### Activity
Give back the whole listing exactly as written, leaving out each picture.
Start of Data provided
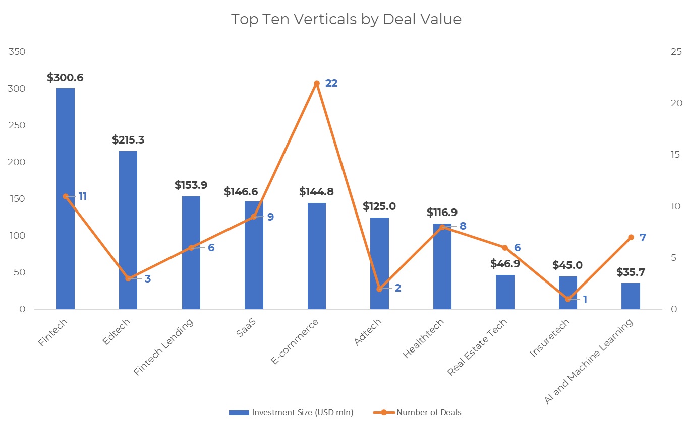 Buoyed by the PhysicsWallah deal, the education and training industry was pushed to the second spot with a total of $215.3 million in funding from three deals. The other two deals within the industry were Invest4Edu ($3 million) and Vedantu ($2.3 million).
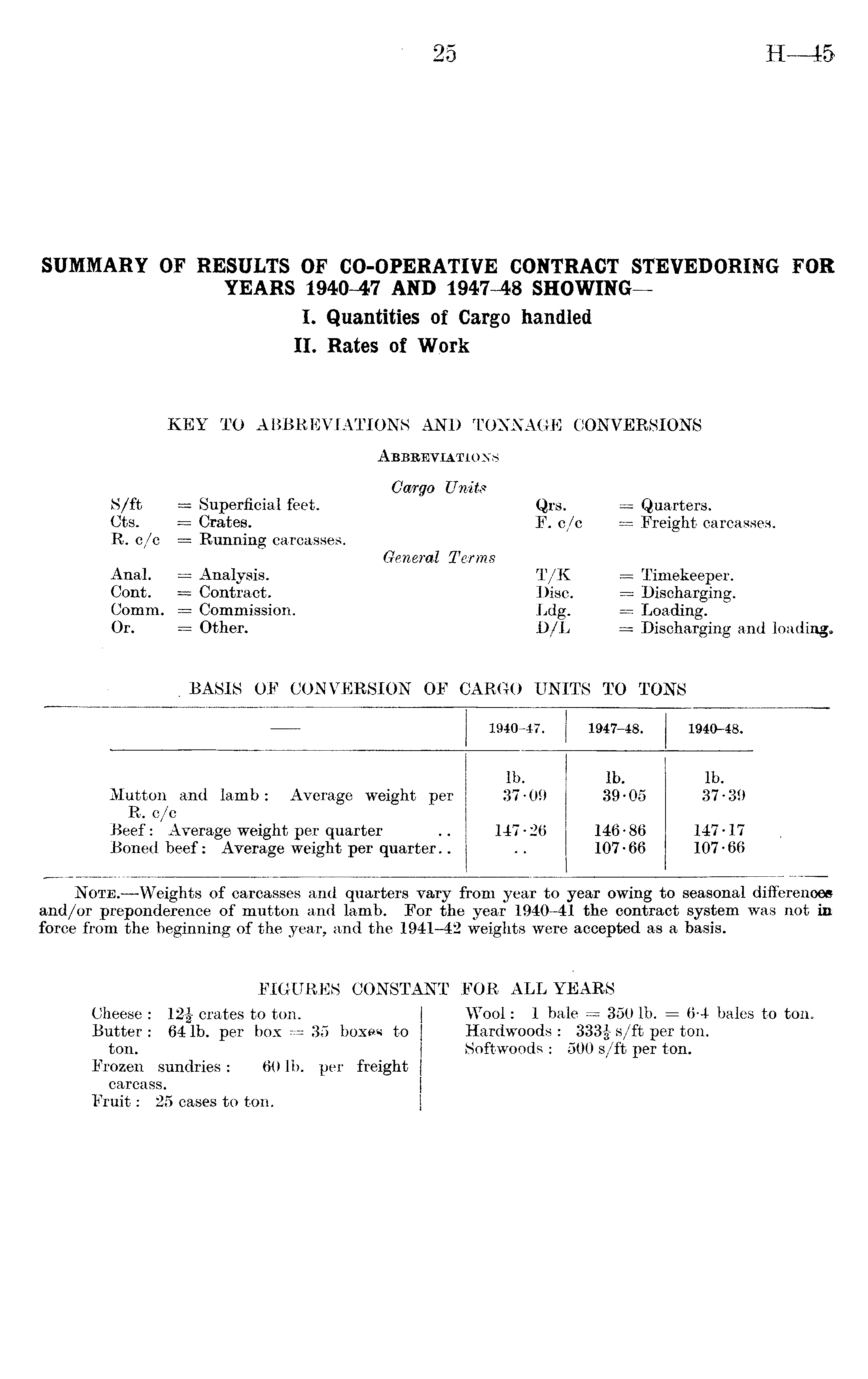 SUMMARY OF RESULTS OF CO-OPERATIVE CONTRACT STEVEDORING FOR YEARS 1940-47 AND 1947-48 SHOWING— I. Quantities of Cargo handled 11. Rates of Work KEY TO ABBREVIATIONS AND TONNAGE CONVERSIONS Abbreviations Cargo Units S/ft = Superficial feet. Qrs. = Quarters. Cts. = Crates. F. c/c = Freight carcasses. R. c/c == Running carcasses. General Terms Anal. = Analysis. T/K Timekeeper. Cont. = Contract. Disc. = Discharging. Comm. = Commission. Ldg. = Loading. Or. = Other. D/L = Discharging and loading.
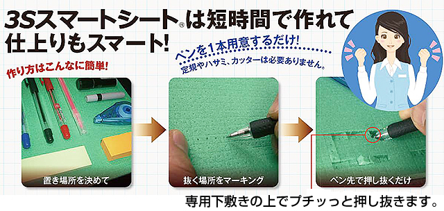 3Sスマートシートならペンやスタンプ、ステープラーなど形に合わせてペン先で抜くだけで簡単にスマートにそして楽しく整理ができます。できるオフィスのキーワード「3S活動」に最適のアイテムです。
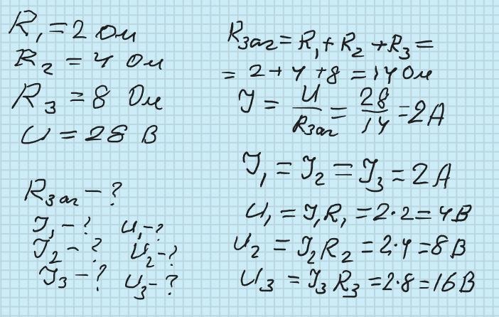 Задача. Три резистори опорами 2,4 і 8Ом з’єднани послідовно. Яким є опір цієї ділянки кола? Яка напруга на кожному резисторі і яка сила струму в цій ділянці кола, якщо напруга на розглядуваній ділянці становить 28В?
End of Data provided
### Written reply
 Buoyed by the PhysicsWallah deal, the education and training industry was pushed to the second spot with a total of $215.3 million in funding from three deals. The other two deals within the industry were Invest4Edu ($3 million) and Vedantu ($2.3 million).
 SUMMARY OF RESULTS OF CO-OPERATIVE CONTRACT STEVEDORING FOR YEARS 1940-47 AND 1947-48 SHOWING— I. Quantities of Cargo handled 11. Rates of Work KEY TO ABBREVIATIONS AND TONNAGE CONVERSIONS Abbreviations Cargo Units S/ft = Superficial feet. Qrs. = Quarters. Cts. = Crates. F. c/c = Freight carcasses. R. c/c == Running carcasses. General Terms Anal. = Analysis. T/K Timekeeper. Cont. = Contract. Disc. = Discharging. Comm. = Commission. Ldg. = Loading. Or. = Other. D/L = Discharging and loading.
 3Sスマートシートならペンやスタンプ、ステープラーなど形に合わせてペン先で抜くだけで簡単にスマートにそして楽しく整理ができます。できるオフィスのキーワード「3S活動」に最適のアイテムです。
 Задача. Три резистори опорами 2,4 і 8Ом з’єднани послідовно. Яким є опір цієї ділянки кола? Яка напруга на кожному резисторі і яка сила струму в цій ділянці кола, якщо напруга на розглядуваній ділянці становить 28В?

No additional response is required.